Figure 5 a to d shows the prevailing behaviour, which are oscillations in which C reaches a lot higher levels than A or X. Figure 5 a shows a typical example of such oscillations and in Figure 5 b this has been zoomed in on A and X. Figure 5 c and d show another interesting example of oscillations, in which C is of the same order of magnitude as the others. This only happens a few times, which is probably due to the fact that C has two means of activation, but none of inhibition. This makes the production of C more intense and last longer. The specific equations we used probably also have a big effect on this, as well as the chosen parameter ranges. Another remark that can be made is that the levels of A and B are also low in absolute terms. Strictly speaking, this is not bad, since we made a lot of assumptions which mean quantitative features like the amplitude and frequency are unreliable. As mentioned before we only want to assert the qualitative features of this model like oscillations and synchronization. We can now already see that in this simple case oscillations do occur and after the discussion of Figure 5 we will give a confidence interval of the fraction of the parameter space in which oscillations occur.

The occurrence of oscillations like the one displayed in Figure 5 c and d are not qualitatively different from those from Figure 5 a and b. Though they allow for a better description of how the several components relate to one another. It shows that the production of C goes on for an extended period even after the disappearance of A, which is the effect of the coherent type 1 feed forward loop. This feature can be easily related to the presence of X even after A has disappeared.

The other type of behaviour this model showed was reaching a steady state. An example of this is shown in Figure 5 e. In this image the system starts with oscillations in C that are damped, but it can also be that the steady-state is reached without ever oscillating. This is of course unwanted behaviour, but regardless of the parameter set used, there are always initial conditions that make the system reach a steady-state. In a heavily non-linear system of equations like ours, there are always some of those steady-states that are stable.

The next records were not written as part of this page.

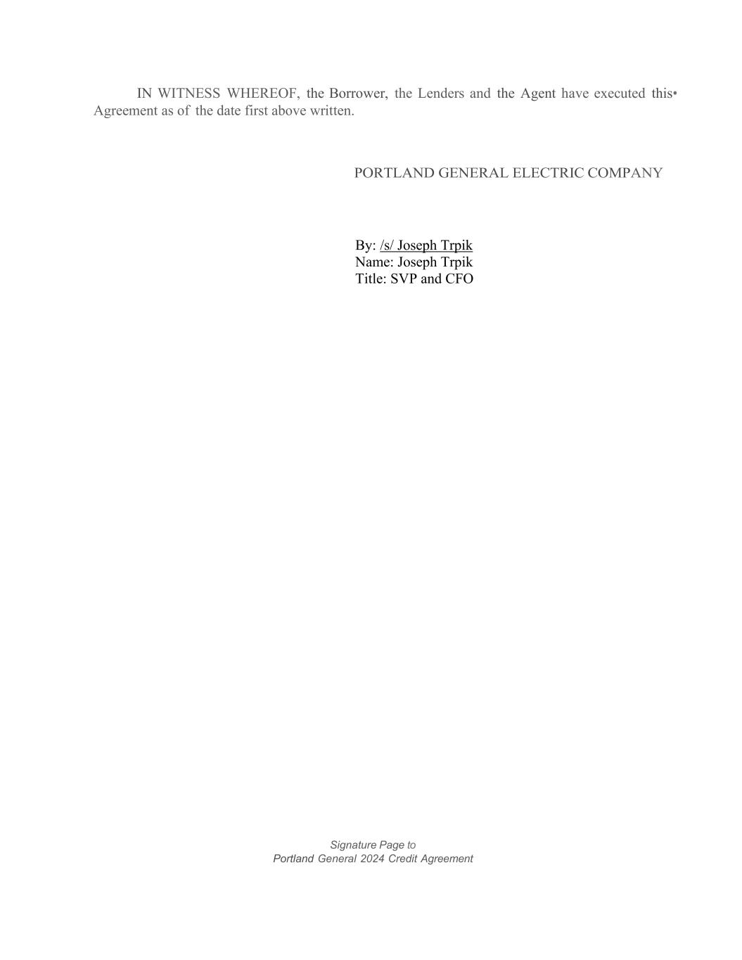 IN WITNESS WHEREOF, the Borrower, the Lenders and the Agent have executed this• Agreement as of the date first above written. PORTLAND GENERAL ELECTRIC COMPANY By: /s/ Joseph Trpik Name: Joseph Trpik Title: SVP and CFO Signature Page to Portland General 2024 Credit Agreement
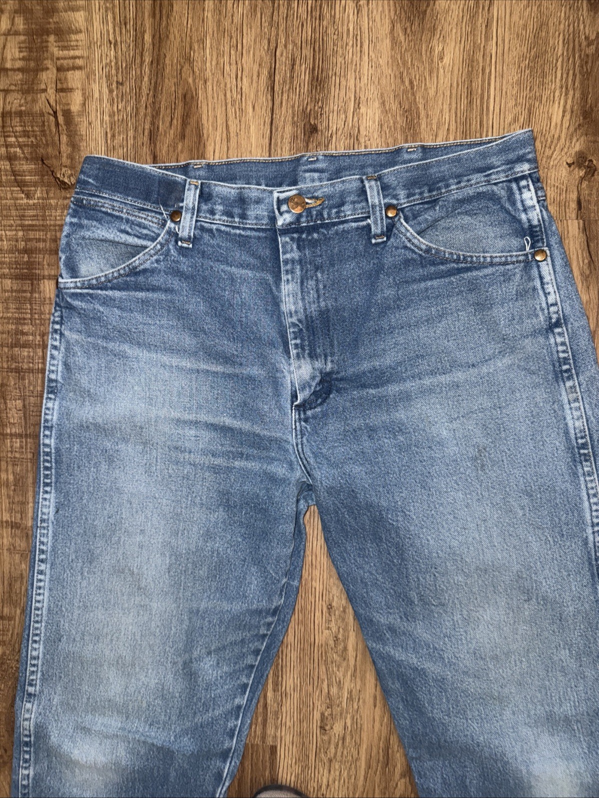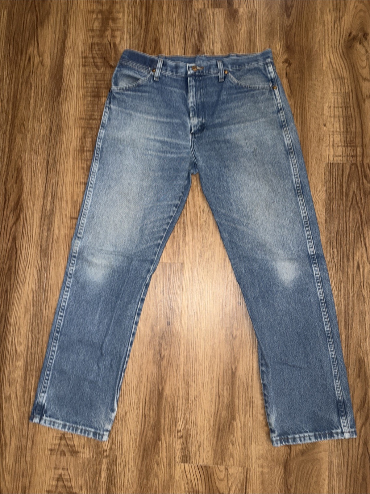 как выглядит Vintage Wrangler Jeans Mens 35x32 Light Blue Denim Cowboy Cut 13MWZ Mexico фото
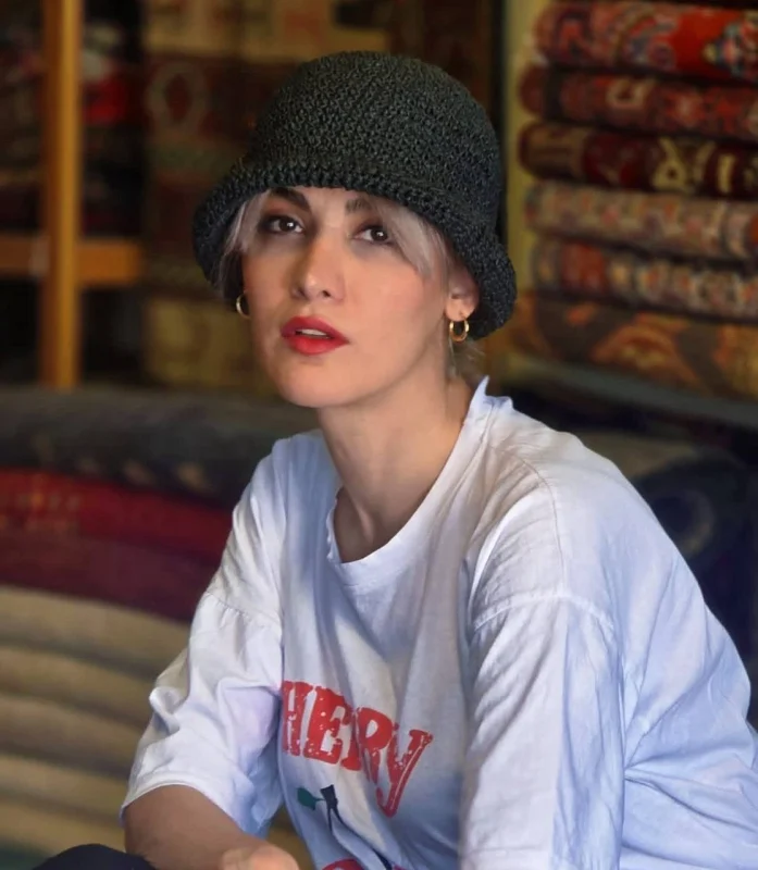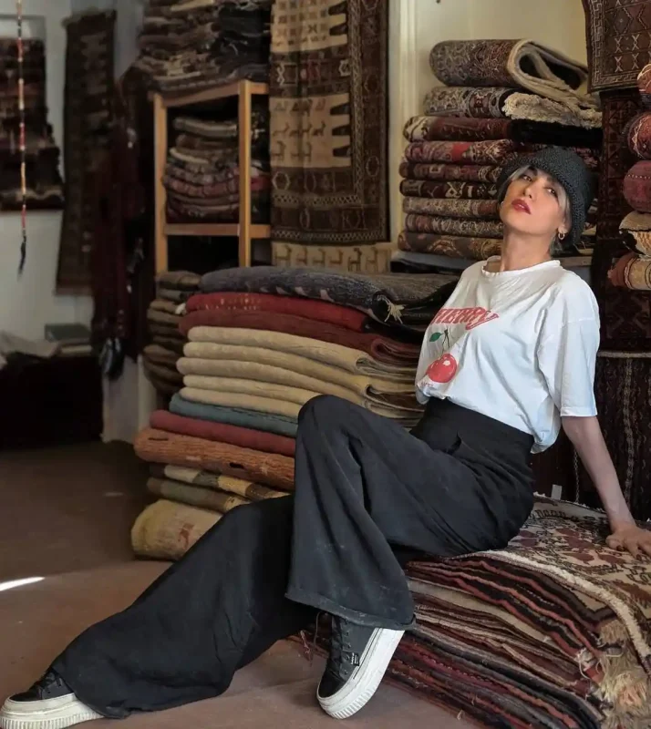 تصویر روز | استایل ساده ریحانه رضی در فرش فروشی‌های قدیمی اصفهان

Theoretically there are two other types of behaviours possible in the case of continuous non-linear equations. The first possibility is extinction, which is a steady-state situation in which all of the components their levels become and remain zero. This behaviour has only been observed when using thresholds that are way too high. The second other possibility is an explosion of the system. Then one or more of the components’ level rises indefinitely. This type of behaviour is not possible in the systems we will study, since each component has a degradation term that is proportional to the level of that component and the production term is not and has a maximum value.

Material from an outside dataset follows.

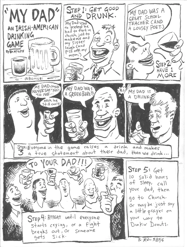 /"My Dad" was more or less written before I started the #IllustrationADay challenge. It's a drinking game I've been playing for years, and I'd often thought about illustrating it. While I was working on "Fuck You, Dear Abby", it dawned on me that now is the time to bring this idea to fruition. I got so excited to draw it that I had to summon great restraint and force myself to wait until the next morning before starting in on it, in order to honor the integrity of the challenge.
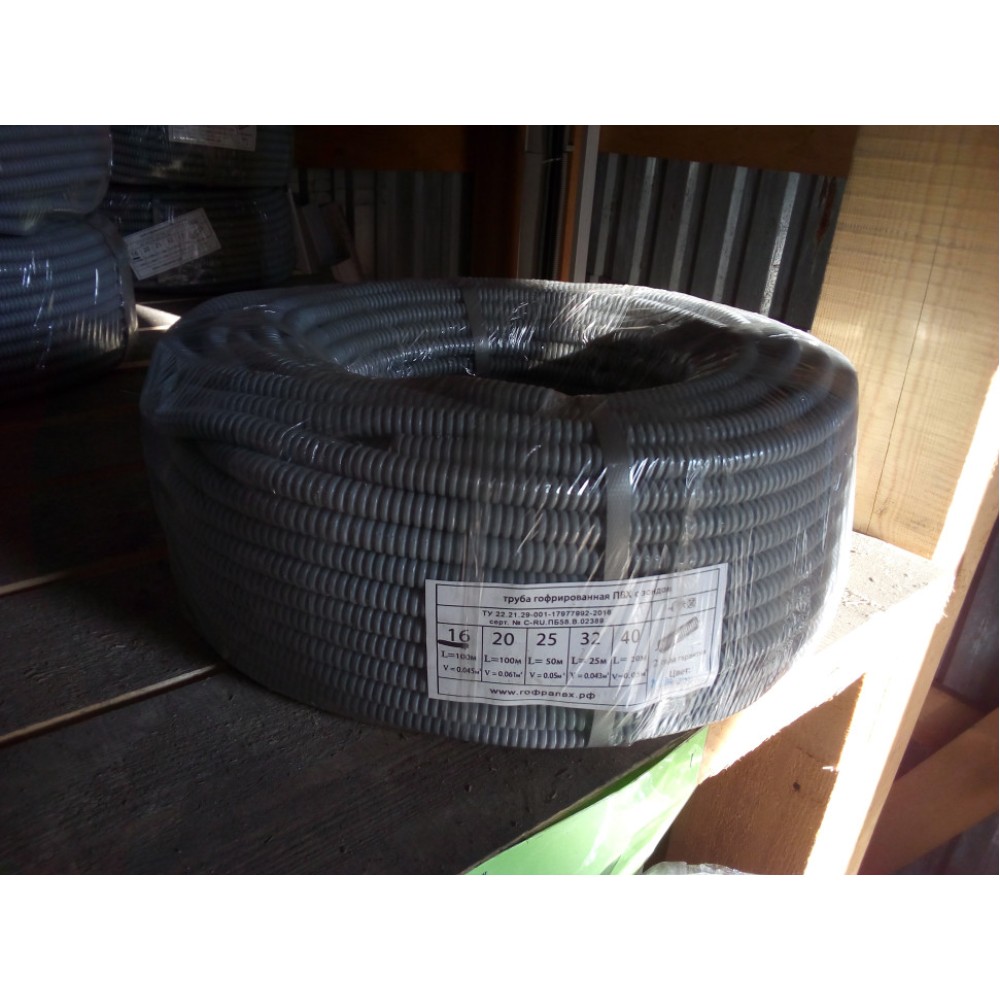 Гофро-труба ПВХ с зондом лёгкая (серая) d 16 мм (100м)

*Figure 5: The resulting behaviour | a, the typical oscillations, b, the same as a but zoomed in at A and X, c, oscillations in which the difference between A and X on the one hand and C on the other are not so different, d, the same as c but zoomed in at 4 periods, e, an acquired steady-state, f, a steady-state in which each component returns zero.*

We then sought the fraction of parameter sets that result in oscillations for each of the three situations. The resulting confidence intervals for that fraction can be found in Table 4. None of the confidence intervals overlap each other, so lower threshold ranges significantly increase the fraction of oscillations, which supports our explanation that oscillations could not occur due to the fact that the thresholds could not be reached. The oscillating fraction is high, showing that this system of equations inherently produces oscillations.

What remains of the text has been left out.